Unlike all the vetiver soaps in our first set, all of these latter “bold vetivers” feature the scent prominently and noticeably. The end result differs a bit from one to the next, but none of these are merely pure vetiver, in the same way that there are many pure sandalwood scented soaps out on the market. Nor are any of these complex perfume quality vetivers in the same way that Guerlain’s “Vetiver” is; that level of complexity has so far eluded the shave soap world for numerous reasons. However, I like all of these bolder scented soaps, and if you like vetiver also, you will find much of interest here.
Tim’s Shaving Soap “Roots” ($15 for 4 oz. tub of soap)
Ingredients: (From artisan website) Stearic Acid, Water, Coconut Oil, Potassium Hydroxide, Sodium Hydroxide, Avocado Butter, Fragrance, Sodium Lactate
Intro: Tim is a new artisan on the market, hailing from Texas, and proud of his home grown scent designs. Tim’s excellent website tells us that he began to experiment with making his own shave soaps in 2012, and he took that step because of his allergies to lanolin and shea butter, moisturizers and soothers used in many of the better shave soaps.
Besides avoiding lanolin and shea butter, Tim also ended up making vegan soap, as he states he thinks tallow has no real benefit that cannot be duplicated with other non-cow based ingredients. This is a bold claim indeed, and I confess I like tallow and lanolin and shea butter quite a bit in my soaps so I was most interested in seeing what Tim could do within his self-imposed parameters.

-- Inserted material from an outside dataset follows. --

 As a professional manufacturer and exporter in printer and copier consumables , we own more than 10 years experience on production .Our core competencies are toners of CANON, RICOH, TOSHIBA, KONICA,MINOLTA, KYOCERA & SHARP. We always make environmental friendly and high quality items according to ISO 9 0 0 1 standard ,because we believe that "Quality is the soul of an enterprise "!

Before we move on to specifics, I wanted to point out that it is refreshing to see an artisan who designs his own scents. The artisanal market has many vendors that make excellent soap, but many outsource their scent designs to other individuals or companies. This is fine, of course, but it adds a bit of fun to using a soap when the artisan designed all aspects of it, including the fragrance. Tim seems proud of this aspect of his lineup, and I commend him for doing a difficult task and doing it well… (More on that soon enough!)
Tim’s is available from the artisan’s site, and from a small number of online retailers. No brick and mortar presence that I know of in NYC, or elsewhere, at least there are no retailers mentioned on the artisan site. (If anyone knows where to buy Tim’s in person, please email details.)

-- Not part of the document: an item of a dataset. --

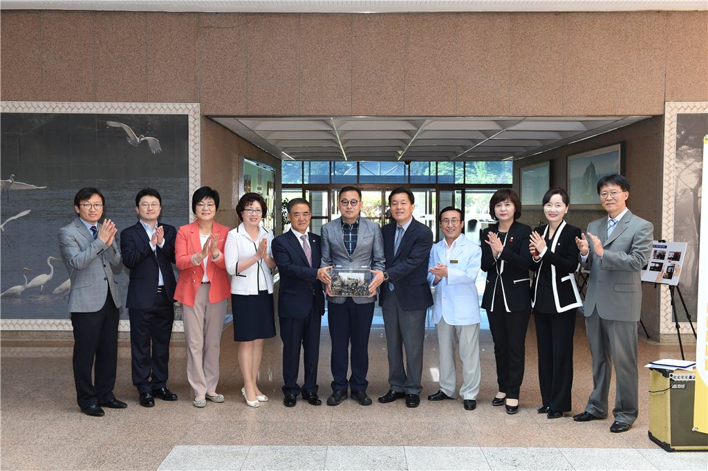 수원시 헌 안경 기부문화 행사에 동참한 인사들이 기념촬영을 하고 있다.

Packaging: Nice 4 ounce sturdy plastic tub, attractive label art, label appears very waterproof. Complete ingredients listed, scent description is not given. Tub is full of product with limited head space at the top. Moreover, the soap is not leveled out in the pour, and so is lumpy. Lumpy soap in full-ish containers tends to equal mess for me as I load with my distinctly non-surgical lack of precision and refinement, and so I find myself longing for an extra ounce or two of unused capacity at the top of the jar. Still, this is not quite so much pushing maximum density as say Catie’s 8 ouncers, and so is not quite so big an issue.

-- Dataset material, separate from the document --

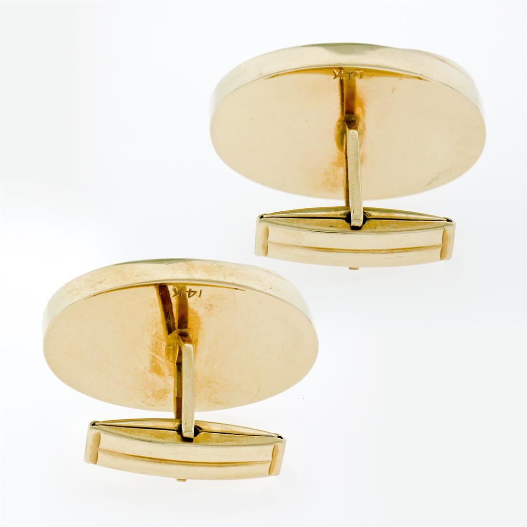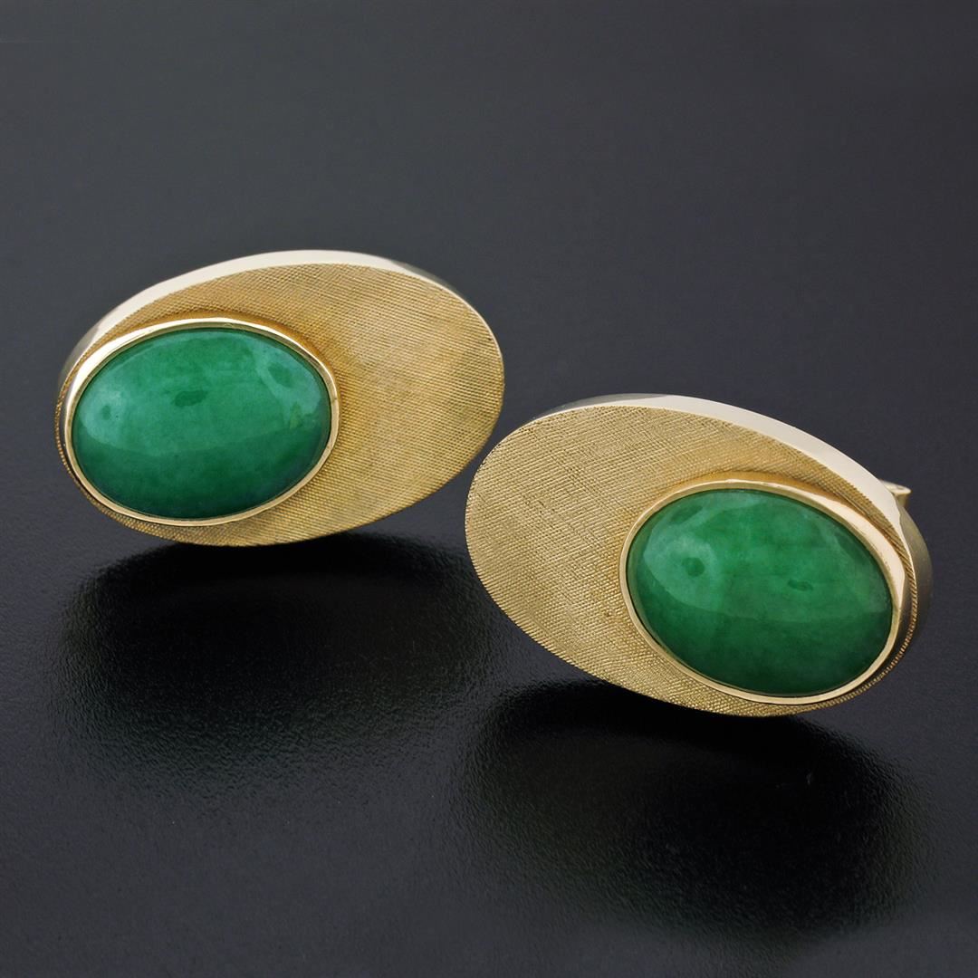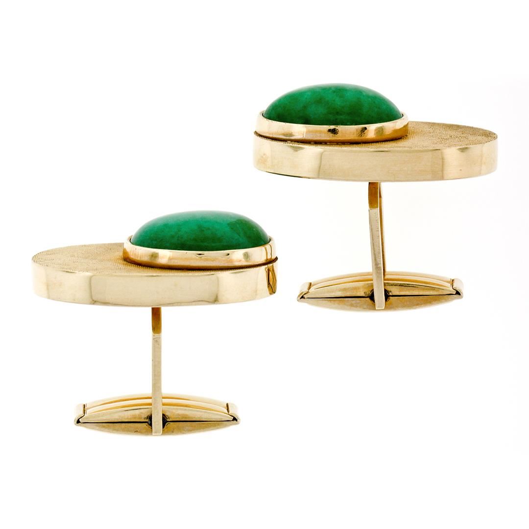 A vintage solid 14k yellow gold puffed florentine cufflinks, featuring 2 oval cut natural jade (15.55x11.75mm). These cuff links have a swivel design with a clearance of 12.65mm, weigh a total of 19.57 grams, and the front panels measure 27.35x17.35mm.

But why, why cannot there not be a scent description? I think of a hypothetical buyer in a hypothetical store looking at this and thinking “what kind of roots”? Unless Tim plans to never ever sell this in a physical retail environment, I think it deserves the buyer to not even tuck in a simple descriptive phrase like “vetiver with citrus”. This omission, and the moderately cramped container lead me to award 2 of 3 points.
Scent in Tub: Tim calls this “The earthy, rooty-fresh aroma of pure Haitian vetiver oil mingles with bright citrus essential oils to create a fragrance that is both uplifting and grounding. […] This complex scent unfolds slowly, revealing layers of lemon and orange peel, grass, and earth. A whiff of smoky depth adds richness and texture.”. Sniffed in the tub, this is a dry vetiver with an equally dry citrus scent. There is a grassy, earthy note buried down deep, but citrus and vetiver dominate. I don’t get much smokiness here, at least not when compared to some of the other vetivers in the second series, but that’s fine. It is a very pleasant and appealing smell. I have only good things to say about the scent, and therefore award 2 of 2 points.
Lather Ease: Did not bloom this one (which omission will become my new testing protocol) but used both boar and badger brushes on 4 separate occasions. Loading took some work; the soap needed a lot of water, actually maybe even a bit more than Barrister and Mann, and then needed a goodly amount of added water during my face lathering to reach a useful level of glide and cushioning. I was surprised at this, as the simple ingredient list led me to think that lathering would be pretty straightforward. No additional product was needed during the initial loading, just water.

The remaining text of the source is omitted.